Stocks tumble on oil, jobs news

Associated Press

Stocks plunged Thursday, with the Dow Jones industrials shedding nearly 112 points, as investors were pummeled by a sharp climb in oil prices, rising unemployment and a disappointing 2005 forecast from General Motors Corp.

Crude oil futures extended their gains, surpassing $48 per barrel and closing at a six-week high, as investors worried about declining U.S. reserves, the Iraqi elections and evidence of OPEC production cuts. A barrel of light crude was quoted at $48.04, up $1.67, on the New York Mercantile Exchange.

Wall Street also was unnerved by the latest first-time jobless claims report, which showed a jump of 10,000 claims to 367,000 last week, a three-month high. After Friday’s modest job creation report, the labor market remained a major concern for investors.

But while the markets held on with only modest losses through most of the day, General Motors’ outlook — at the low end of Wall Street expectations — sent stocks tumbling.

“You get a little bad news, and there’s nobody willing to step up and buy on the dip,” said Bryan Piskorowski, market analyst at Wachovia Securities. “It’s the same pattern we’ve seen nearly every day this year. Investors are being very conservative and playing this day-to-day. It’s not new to the market that GM’s robbing Peter to pay Paul, but it was enough to trigger some sell programs.”

The Dow Jones industrial average fell 111.95, or 1.05 percent, at 10,505.83.

Broader stock indicators also fell sharply.

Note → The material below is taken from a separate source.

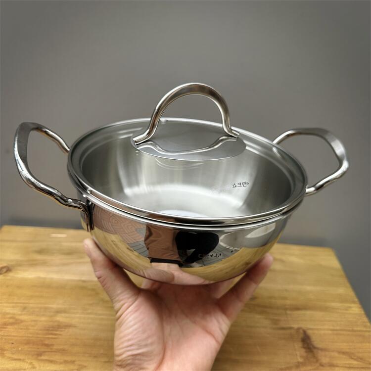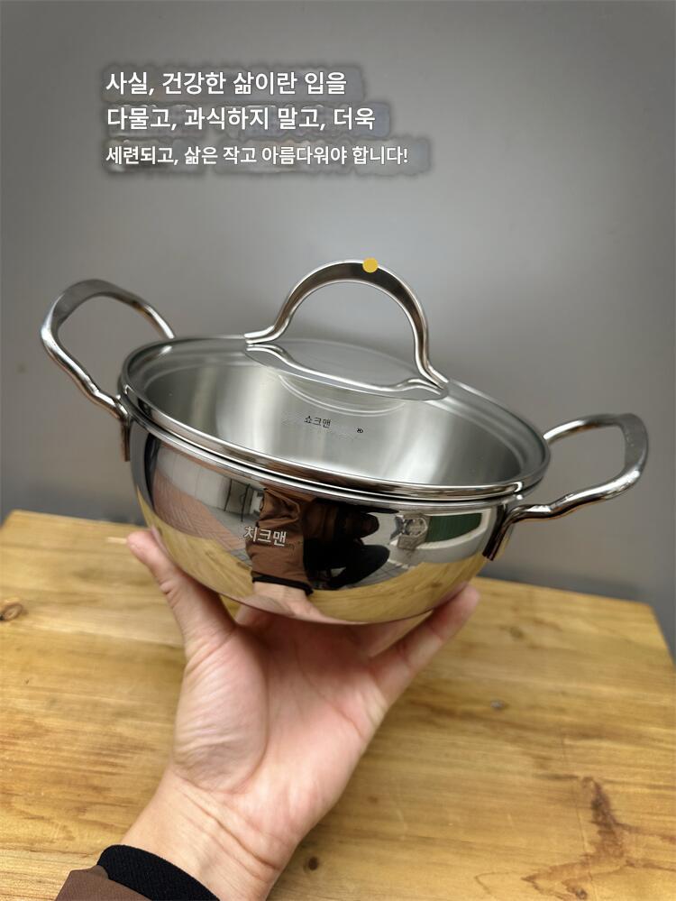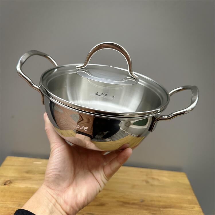스낵 라면 냄비 18/10 스테인리스 스틸 수프 냄비 깊은 이중 귀 인스턴트 국수 냄비 레스토랑 국수 냄비 유도 쿠커 소형 쿠커
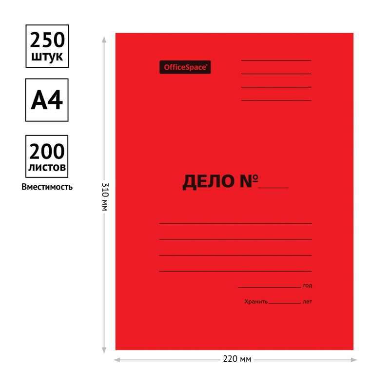Скоросшиватель OfficeSpace "Дело", картон мелованный, 300г/м2, красный, пробитый, до 200л.

The Standard & Poor’s 500 index was down 10.25, or 0.86 percent, at 1,177.45, and the Nasdaq composite index lost down 21.97, or 1.05 percent, at 2,070.56.

Mediocre economic data and surging oil prices, combined with continued investor unease about the profit outlooks for 2005, have overshadowed strong earnings reports this week from tech heavyweights Intel Corp. and Apple Computer Inc.

“These (earnings) numbers are unambiguously good, and you’re seeing a nice runup in those stocks, but they aren’t spilling over into the rest of the sector,” said Russ Koesterich, U.S. equity strategist at State Street Corp. in Boston.

Analysts said investor nervousness has pressured stocks, but strong economic reports and more positive earnings statements could boost the market.

Declining issues outnumbered advancers by about 4 to 3 on the New York Stock Exchange, where volume was moderate.

The Russell 2000 index of smaller companies was down 3.06, or 0.5 percent, at 610.13.

Overseas, Japan’s Nikkei stock average fell 0.83 percent. In Europe, Britain’s FTSE 100 closed up 0.35 percent, France’s CAC-40 gained 0.47 percent for the session, and Germany’s DAX index climbed 0.08 percent in late trading.